Health Team

Duke trial might help kids avoid many heart surgeries

A trial at Duke Hospital is helping people born with a heart valve defect correct the problem without several open-heart surgeries.

Posted Updated
Kevin Osteen
DURHAM, N.C. — A trial at Duke Hospital is helping people born with a heart valve defect avoid several open-heart surgeries.
Kevin Osteen, 57, said he's heard the same thing from doctors since he was a child: "Do you know that you have a heart murmur?"

Echo cardiogram tests and stress tests, though, didn't show a problem. Then, two years ago, a heart catheterization revealed his problem.

"They found the bicuspid valve in the aortic position, and it was causing a narrowing of the aorta," Osteen said.

The valve had two leaflets instead of three. So in 2007 Osteen had open heart surgery where surgeons took his good pulmonary valve to replace his defective aortic valve. Then cadaver tissue was used to revise the pulmonary valve.

The cadaver valve typically lasts more than 10 years, but in just 2 years Osteen's valve started to twist and obstruct blood flow. That disrupted blood flow so that Osteen wasn't getting enough oxygen to his body. So that valve needed to be replaced.

Osteen enrolled in the feasibility phase of a trial. Duke Hospital is the second institution in the country to use the Edwards Sapien transcatheter heart valve for patients with Osteen's condition. The trial is only open in 3 sites in the country.

That device consists of three pieces of bovine pericardial tissue sewn into a metal stent frame.

"We can put it in through a catheter, and the patient can go home the next morning, whereas the surgery, being a major operation, is at least a three- to seven-day hospital stay," said Dr. John Rhodes, a pediatric cardiologist at Duke.

Most of Duke's pediatric cardiology patients in the trial will be teenagers, but what's learned from Osteen might help many children avoid multiple surgeries.

"Many of them will have 2 or 3 or 4 operations before they're 20," Rhodes said.

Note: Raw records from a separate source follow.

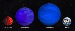 Due to the high radiation received from its host star, the atmosphere of HD 63433 c, made up of hydrogen, is slowly being stripped away and escaping from the planet.[29] The hot gas escapes into space at a velocity of 50 km/s, forming a gas cocoon 12 times larger than the planet itself.[29] As its atmosphere evaporates, HD 63433 c will slowly become a super-Earth planet.[29]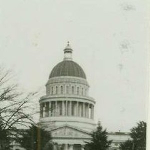 Front view of the California State Capitol building and fountain.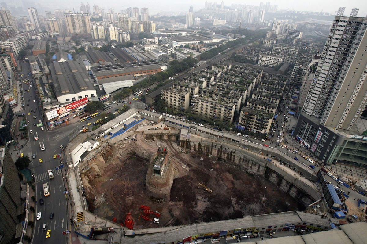 وقد أصبحت تلك المشاهد الغريبة أكثر شيوعاً في الصين منذ تمرير قانون في عام 2007 يجبر السلطات على إثبات أن الهدم في المصلحة العامة قبل أن تتمكن من الاستيلاء على الأراضي الخاصة.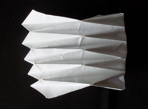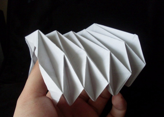 最关键的一步,也正是这一步,你会发现这个结构是多么奇妙。那就是,这个结构其实我们说是折叠出来的并不准确,因为无法折叠,而是需要挤压。这是一个牵一发动全身的结构,一个整体性极高的结构,你必须尽量,同时的,将所有已经标记出来的下脊线相下挤压,上脊线向上挤压!功败垂成,在此一举。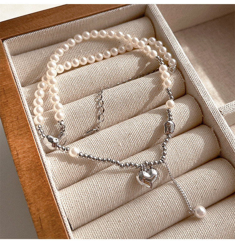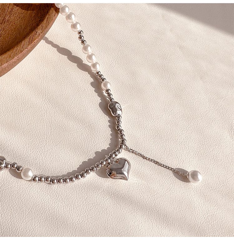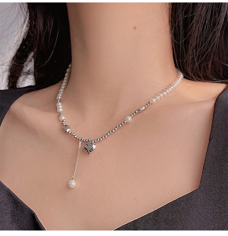 小眾設計巴洛克風格珍珠拼接金屬愛心項鏈女鎖骨鏈輕奢吊墜高級感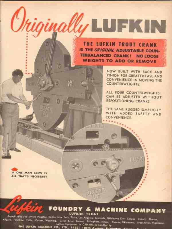 Original oil and gas trade magazine vintage ad for THE LUFKIN FOUNDRY & MACHINE COMPANY of Lufkin, TX. Originally Lufkin, the Lufkin Trout Crank is the Original Adjustable Counterbalanced Crank. Unique 1954 old oilfield petroleum well industry pumping equipment magazine advertisement. Nice graphics.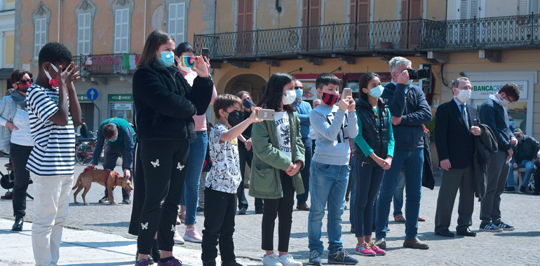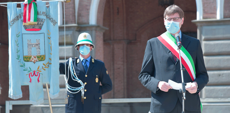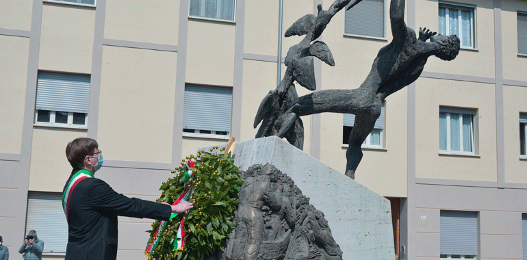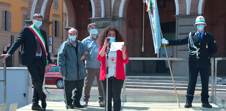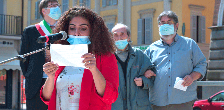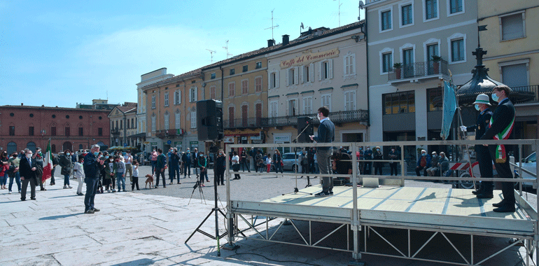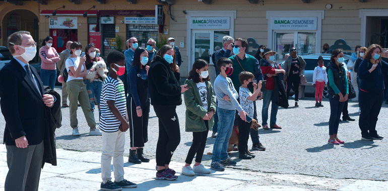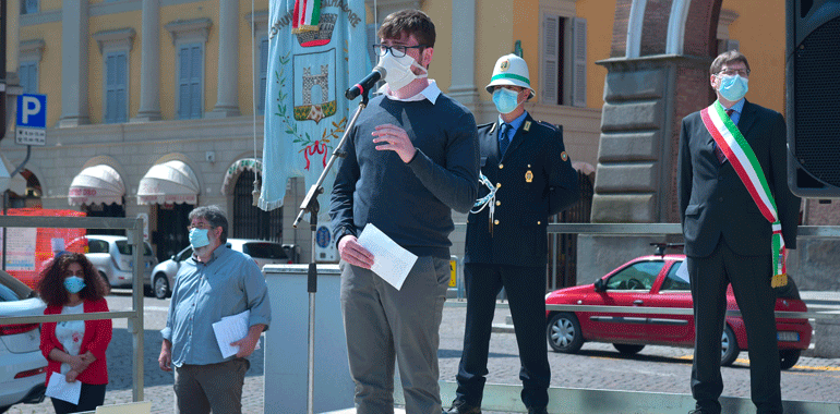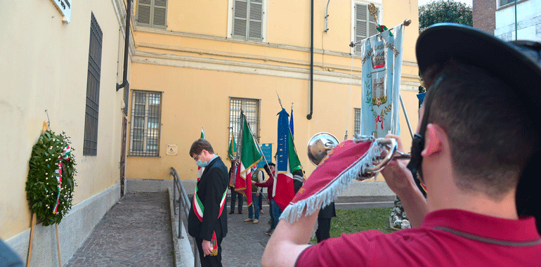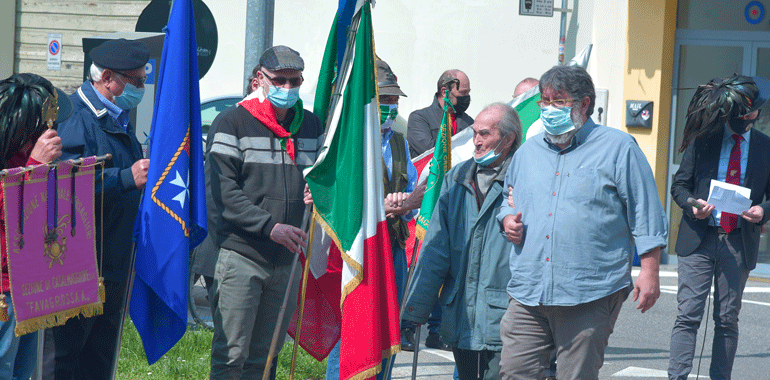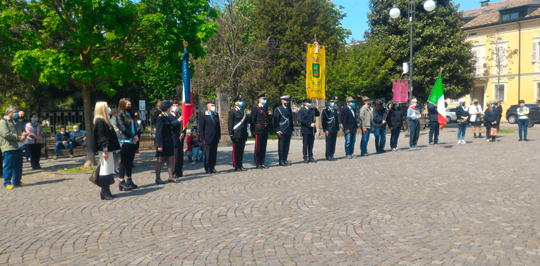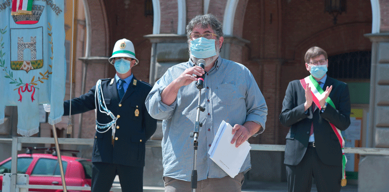 “Non mi sono preparato come al solito un discorso da rituale. Questa pandemia ci ha segnato – ha ricordato il sindaco Stefano Belli Franzini in piazza – ma non deve farci dimenticare la quotidianità, quello che abbiamo guadagnato con sacrificio nel corso della storia non sono banalità o cose che ci spettano per diritto. E’ stato conquistato questo diritto, e quindi quotidianamente dobbiamo proseguire per far si che questa libertà, una parola che è abusata, banalizzata sotto tanti aspetti senza analizzare quello che ha significato per far si che si arrivasse per poterla utilizzare. Chi ha avuto modo di confrontarsi con i libri di storia, non politicamente, ma in modo aperto, libero può apprezzare secondo intelligenza e coscienza quello che effettivamente è stato. Penso che al giorno d’oggi i tanti negazionisti che ci sono erano gli stessi che c’erano una volta. Che volevano negare l’evidenza e che negavano che si stava limitando la libertà umana per dei valori con la v minuscola, associati soltanto a una parte. Le norme di quest’anno non ci consentono di fare qualche cosa di più grande, ma penso ugualmente che non avremmo avuto un pubblico molto più folto di quelli che stanno partecipando e che ringrazio, e questo è triste. Il fatto di essere qui oggi porta avanti quei valori, e anche una persona sola deve avere la forza di andare avanti e di portare avanti qquesta giornata. Quello che viviamo quotidianamente non ci è stato regalato, non lo abbiamo avuto per grazia ricevuta dal divino, l’abbiamo avuta perché delle persone hanno lottato e scelto di liberarsi. Al contempo noi lottiamoquotidianamente, per lavorare, per vivere, per andare avanti. Sono forme diverse, lotte differenti per fortuna, ma quotidianamente portiamo avanti valori se crediamo in quello che stiamo facendo“.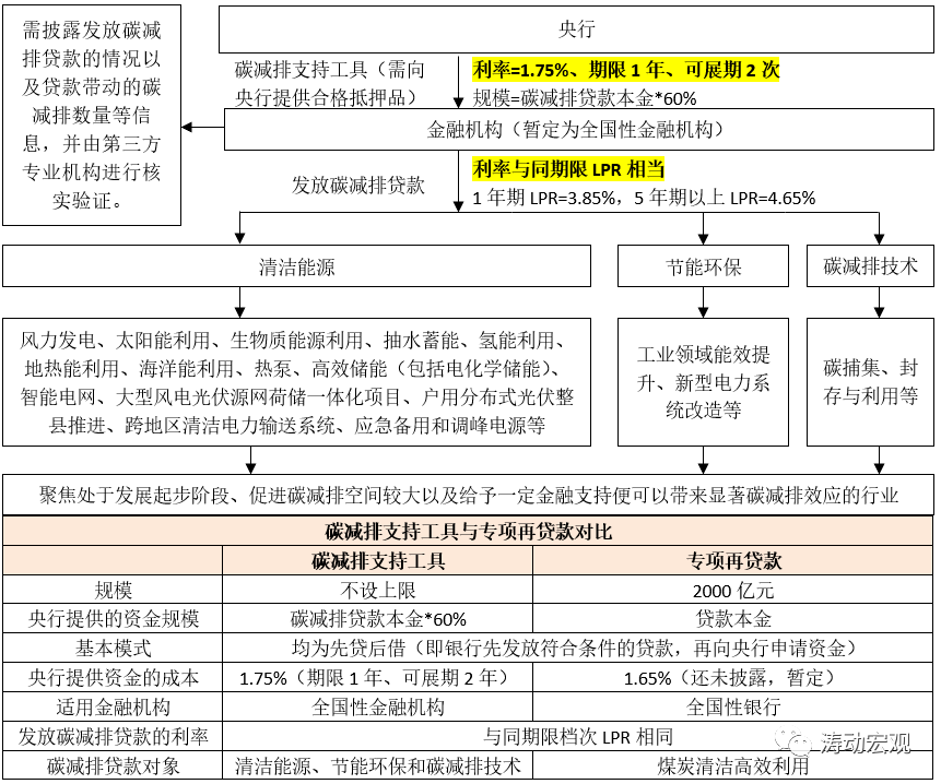 (1)央行提供資金的成本不同,碳減排支持工具與專項(xiàng)再貸款的利率分別為1.75%和1.65%(還未披露、暫定)。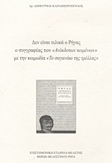 Με τη μελέτη αυτή αποσαφηνίζονται τα σχετικά με το όνομα και την καταγωγή του εθνεγέρτη, που το βαπτιστικό του όνομα ήταν Ρήγας και ως επώνυμο προσέθετε το Βελεστινλής, δηλωτικό του τόπου καταγωγής του....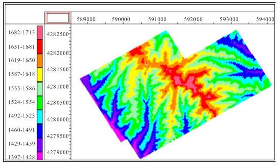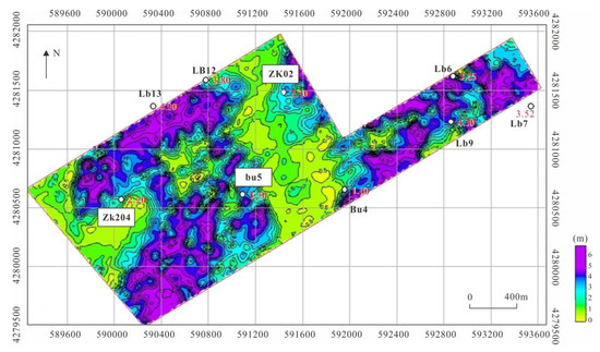 In this study, the BP neural network served as the model for the coal thickness outcome prediction (Figure 12), which aligned closely with the actual results. The coal thickness at drill hole locations is represented in red. From the thickness variation trend map of the No. 2 coal seam, it can be observed that the thickness of the No. 2 coal seam ranges from 0.12 m to 6.84 m. The thinnest section is located in the northwest corner within the erosion zone, while the thickest section is found near the boundary in the southwest corner. The thin layers are distributed in an irregular banded pattern.
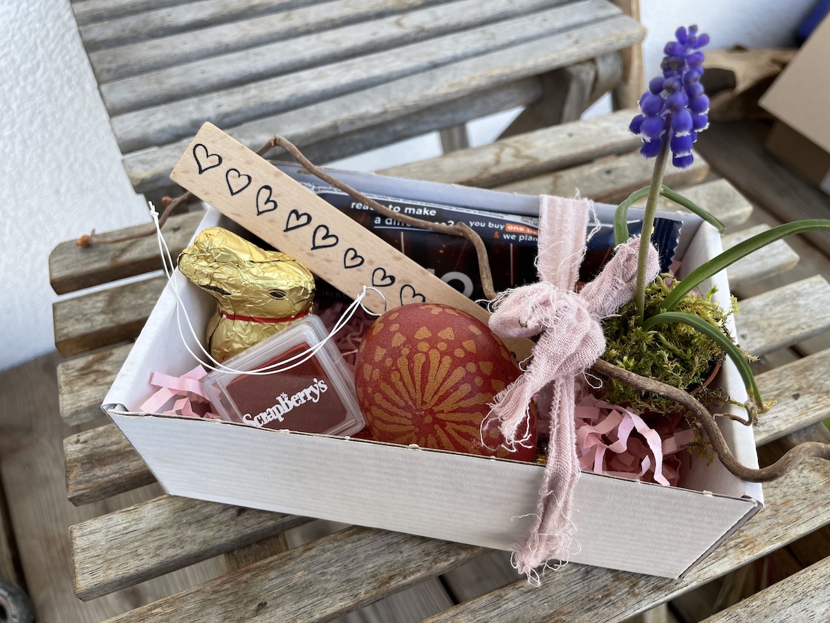 Am Nachmittag gingen wir spazieren, wie jeden Tag. Die Tochter und ihr Freund haben geholfen, die Osternestchen zu verstecken. Die Suche war unterhaltsam und zum Teil herausfordernd. Alle Kinder haben aber ihre Geschenke gefunden: Süßkram, Chips und etwas kleines zum Spielen (Tischtennisschläger und einen Taschenfrisbee).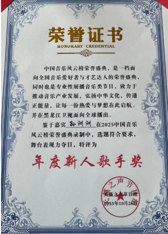 祝贺!孙洲洲荣获2025年中国音乐风云榜“年度新人歌手奖”

Osteen was so optimistic about the procedure, he planned to head on a Disney World vacation two days after leaving Duke Hospital.

"It's sort of like putting the procedure to the acid test," he said.

Dr. Rhodes hopes the device can one day be made small enough to use in the thousands of children born every year with heart defects. He will perform the procedure on 30 patients in the first phase of research.